Through a complicated series of reactions, lanosterol leads to the formation of zymosterol. As shown in a diagram to the right, it is at this point that the pathway diverges. In humans, the main pathway leading to cholesterol is known as the Kandutsch–Russell pathway. Zymosterol is metabolized to 5α-cholesta-7,24-dien-3β-ol, then to lathosterol, and then to 7-dehydrocholesterol, or 7-DHC. 7-DHC is the immediate precursor to cholesterol, and the enzyme DHCR7 is responsible for converting 7-DHC to cholesterol. DHCR7 reduces the double bond on carbon 7 of 7-DHC, leading to the unesterified product. Mutations in this enzyme are responsible for the wide range of defects present in SLOS. In another pathway leading to cholesterol synthesis, DHCR7 is required for the reduction of 7-Dehydrodesmosterol to desmosterol.

===Regulation===

Regulation of cholesterol synthesis is complex and occurs primarily through the enzyme HMG-CoA reductase (catalyst of the rate-limiting step). It involves a feedback loop that is sensitive to cellular levels of cholesterol. The four main steps of regulation are:
- The synthesis of the enzyme HMG-CoA reductase is controlled by sterol regulatory element binding protein (SREBP). This is a transcription factor that is inactive when cholesterol levels are high, and active when cholesterol levels are low. When cholesterol levels fall, SREBP is released from the nuclear membrane or endoplasmic reticulum, it then migrates to the nucleus and causes the transcription of the HMG-CoA reductase gene.
- The translation (creating the enzyme from the mRNA transcript) of HMG-CoA reductase is inhibited by derivatives of mevalonate and by dietary cholesterol.
- The degradation of HMG-CoA reductase is tightly controlled. The part of the enzyme that is bound to the endoplasmic reticulum senses signals, such as increased cholesterol levels, that lead to its degradation or proteolysis.
- When HMG-CoA reductase is phosphorylated, its activity decreases. This means cholesterol synthesis is reduced when cell energy (ATP) levels are low.

===Function===

Cholesterol is an important lipid involved in metabolism, cell function, and structure. It is a structural component of the cell membrane, such that it provides structure and regulates the fluidity of the phospholipid bilayer. Furthermore, cholesterol is a constituent in lipid rafts. These are congregations of proteins and lipids (including sphingolipids and cholesterol) that float within the cell membrane, and play a role in the regulation of membrane function. Lipid rafts are more ordered or rigid than the membrane bilayer surrounding them. Their involvement in regulation stems mostly from their association with proteins; upon binding substrates, some proteins have a higher affinity for attaching to lipid rafts. This brings them in close proximity with other proteins, allowing them to affect signaling pathways.
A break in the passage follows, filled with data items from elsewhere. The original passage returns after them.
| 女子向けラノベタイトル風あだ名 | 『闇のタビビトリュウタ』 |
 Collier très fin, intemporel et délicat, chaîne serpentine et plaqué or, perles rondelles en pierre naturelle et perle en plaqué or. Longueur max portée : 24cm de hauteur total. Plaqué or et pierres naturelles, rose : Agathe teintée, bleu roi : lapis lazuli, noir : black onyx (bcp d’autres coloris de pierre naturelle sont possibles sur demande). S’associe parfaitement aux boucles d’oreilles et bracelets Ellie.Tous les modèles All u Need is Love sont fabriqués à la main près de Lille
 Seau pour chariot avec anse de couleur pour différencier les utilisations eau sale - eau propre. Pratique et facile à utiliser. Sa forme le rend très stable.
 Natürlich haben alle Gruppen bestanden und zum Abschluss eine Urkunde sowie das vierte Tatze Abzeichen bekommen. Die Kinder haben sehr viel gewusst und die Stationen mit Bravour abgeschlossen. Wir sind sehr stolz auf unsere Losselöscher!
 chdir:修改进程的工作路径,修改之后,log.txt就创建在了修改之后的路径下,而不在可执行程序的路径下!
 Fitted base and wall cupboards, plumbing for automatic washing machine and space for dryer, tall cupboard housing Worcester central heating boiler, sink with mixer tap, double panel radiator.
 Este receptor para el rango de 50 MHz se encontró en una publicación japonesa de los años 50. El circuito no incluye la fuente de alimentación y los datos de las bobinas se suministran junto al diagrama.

Cholesterol specifically acts as a spacer and a glue for lipid rafts; absence of cholesterol leads to the dissociation of proteins.

Given its prevalence in cell membranes, cholesterol is highly involved in certain transport processes. It may influence the function of ion channels and other membrane transporters. For example, cholesterol is necessary for the ligand binding activity of the serotonin receptor. In addition, it appears to be very important in exocytosis. Cholesterol modulates the properties of the membrane (such as membrane curvature), and may regulate the fusion of vesicles with the cell membrane. It may also facilitate the recruitment of complexes necessary for exocytosis. Given that neurons rely heavily on exocytosis for the transmission of impulses, cholesterol is a very important part of the nervous system.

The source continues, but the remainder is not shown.